Artículo de divulgación científica

Las moscas también aprenden

Cuando los psicólogos experimentales plantean experimentos con animales, éstos

deben entenderse como un ejercicio de analogía, destinado a obtener un conocimiento

que pueda ser generalizado al ser humano (de otro modo sería complicado justificar la

utilidad práctica de los mismos).

Por eso, los animales escogidos en este tipo de investigaciones deben proporcionar,

además de un manejo sencillo y unas aptitudes determinadas para facilitar el proceso

experimental, una adecuada constitución psíquica y fisiológica que permita este

trasvase de información, desde los sujetos animales hasta el ser humano, el objeto de

estudio real. Los elegidos suelen ser mamíferos y aves, los considerados

"superiores" entre los vertebrados (aunque, desde el punto de vista de un

evolucionista entusiasta como yo, esta calificación no puede ser más desafortunada).

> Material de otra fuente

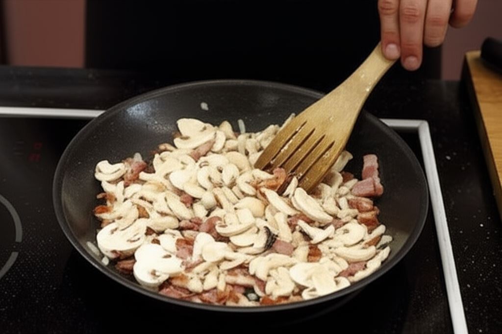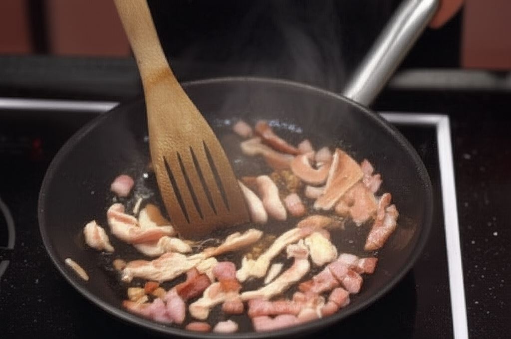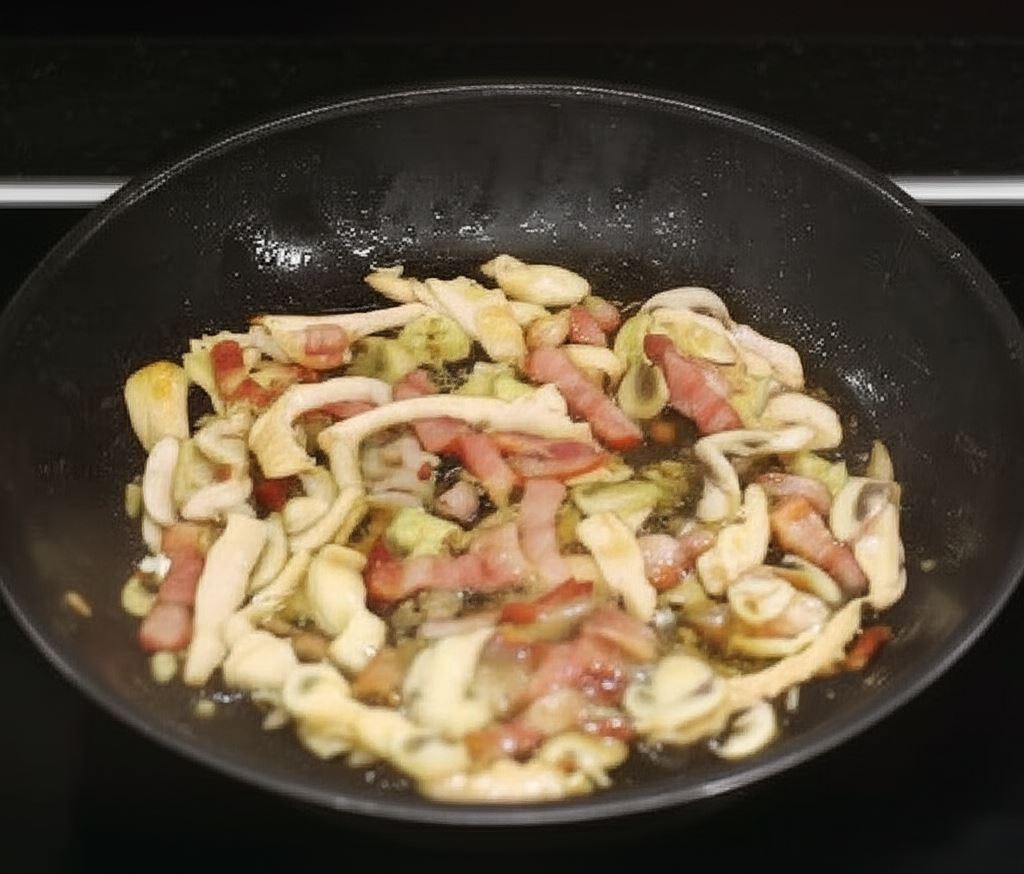 Rozgrzej olej na patelni i zrumień kawałki piersi kurczaka wraz z boczkiem pokrojonym w paski.
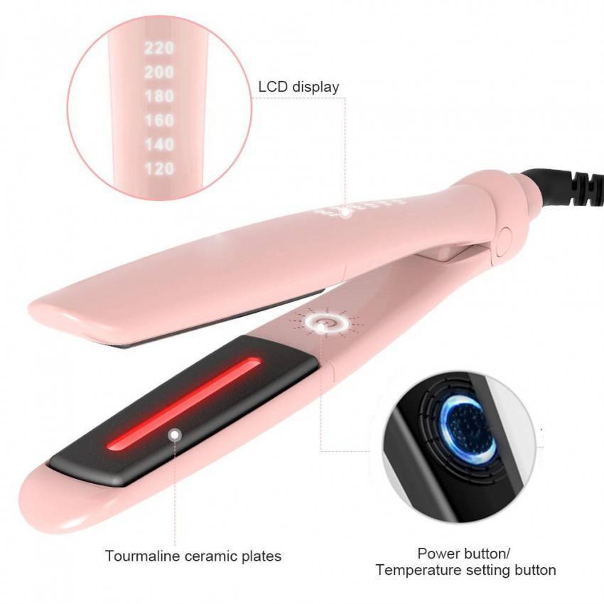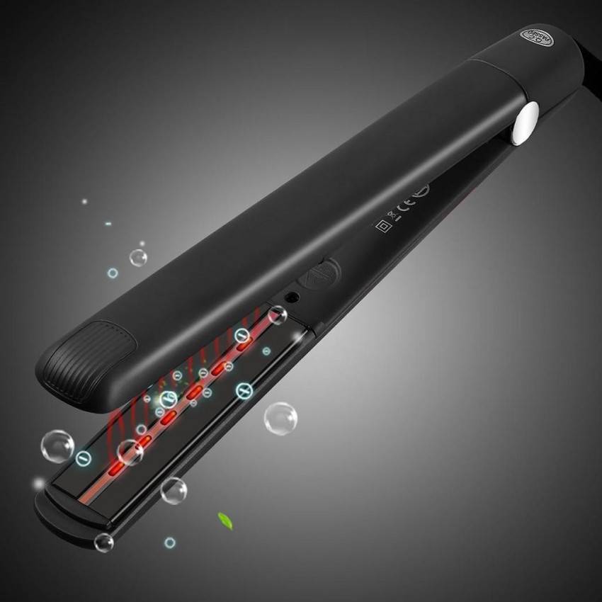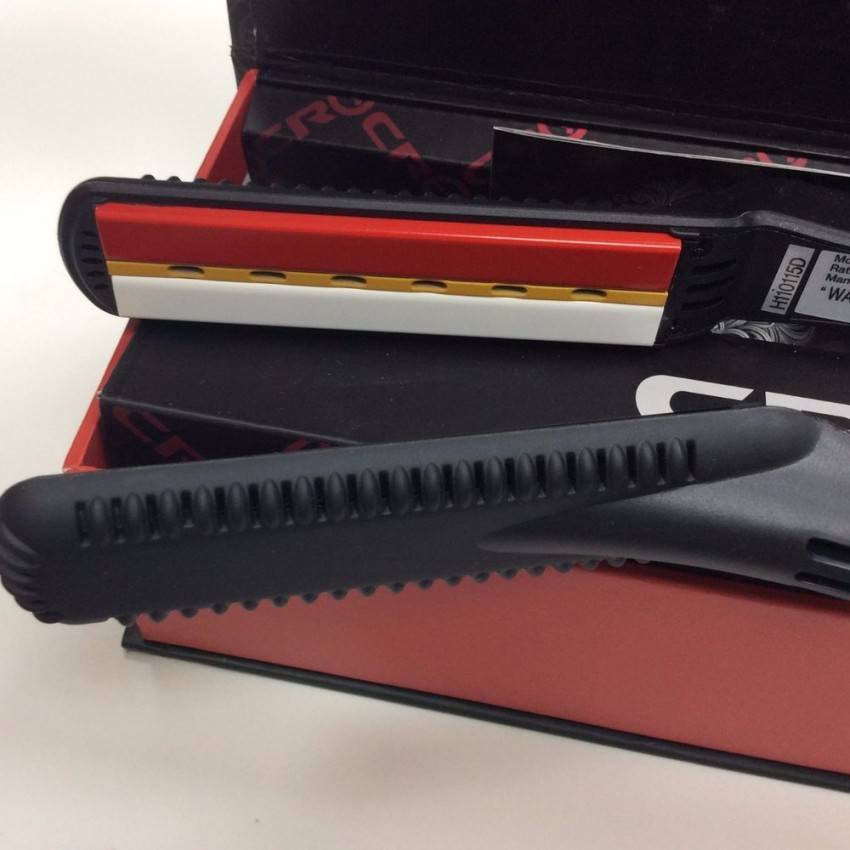 Это ещё один профессиональный инфракрасный утюжок для волос, часто применяемый в салонах красоты. Длина его корпуса — 35 см, размер пластин 57 на 100 мм. Производитель даёт год гарантии на своё устройство. Утюжок воздействует на волосы инфракрасными лучами и ультразвуковыми волнами через турмалиновые пластины.
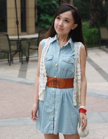 夏天的薄款牛仔面料,背心裙的样式,还可以当外套穿的哦。领部有碎花的内衬。加上一个宽腰带,简直就是美极了。 &n […]
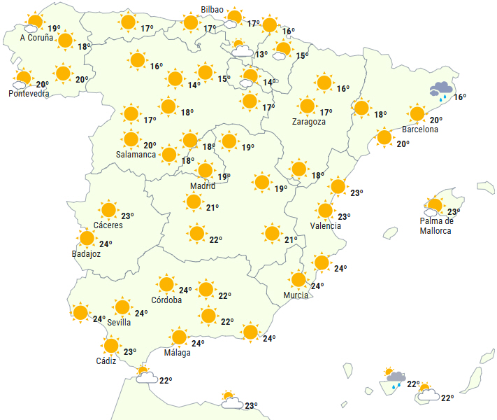 Stabilt vejr i størstedelen af landet med overvejende klar himmel eller letskyet med højtliggende skyer, der trænger ind i løbet af dagen fra vest. Kun forventes der fortsat ustabilitet i og omkring Det Baleariske Hav, hvor der ventes overskyet himmel og sandsynlighed for byger ledsaget af lejlighedsvis torden, og det påvirker helt konkret Mallorca, Menorca og kysterne af Catalonien, men det kan også nå det nordlige af Comunitat Valenciana i dagens første timer.
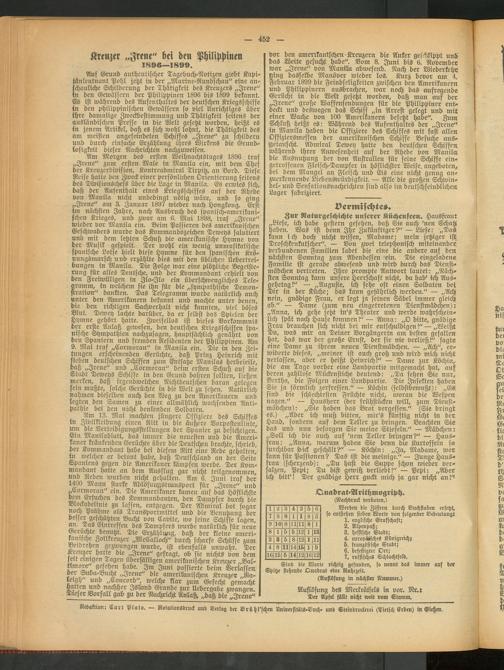 Auf Grund authentischer Tagebuch-Notizen gießt Kapitänleutnant Pohl jetzt in der „Marine-Rundschau" eine anschauliche Schilderung der Thätigkeit des Kreuzers „Irene" in den Gewässcrir der Philippinen 1896 bis 1899 bekannt. Es ist während des Aufenthaltes der deutschen Kriegsschiffe in den philippinischen Gewässern so viel Unrichtiges über ihre damalige Zweckbestimmung und Thätigkeit seitens der ausländischen Presse in die Welt gesetzt worden, heißt es in jenem Artikel, daß es sich Wohl lohnt, die Thätigkeit des am meisten angefeindeten Schiffes „Irene" zu schildern und durch einfache Erzählung ihres Wirkens die Grundlosigkeit dieser Nachrichten nachzuweisen.

Sin embargo, otras especies con características muy distintas podrían servirnos para

indagar en los entresijos de la conducta. La estrella indiscutible en los laboratorios de

genética y biología, por ejemplo, es la famosa "mosca de la fruta", Drosophila

Melanogaster, cuyo imponente nombre le resultará probablemente familiar al lector.

Las características de este insecto lo convierten en el mejor amigo del investigador

biólogo: su ciclo vital es de muy corta duración (no viven más de una semana en

estado salvaje), con lo que podemos criar en poco tiempo docenas de generaciones

con cientos de individuos; su genoma es reducido (tan solo 4 pares de cromosomas,

frente a los 23 de la especie humana) y por eso mismo ha sido bien estudiado (fue

secuenciado completamente en el año 2000).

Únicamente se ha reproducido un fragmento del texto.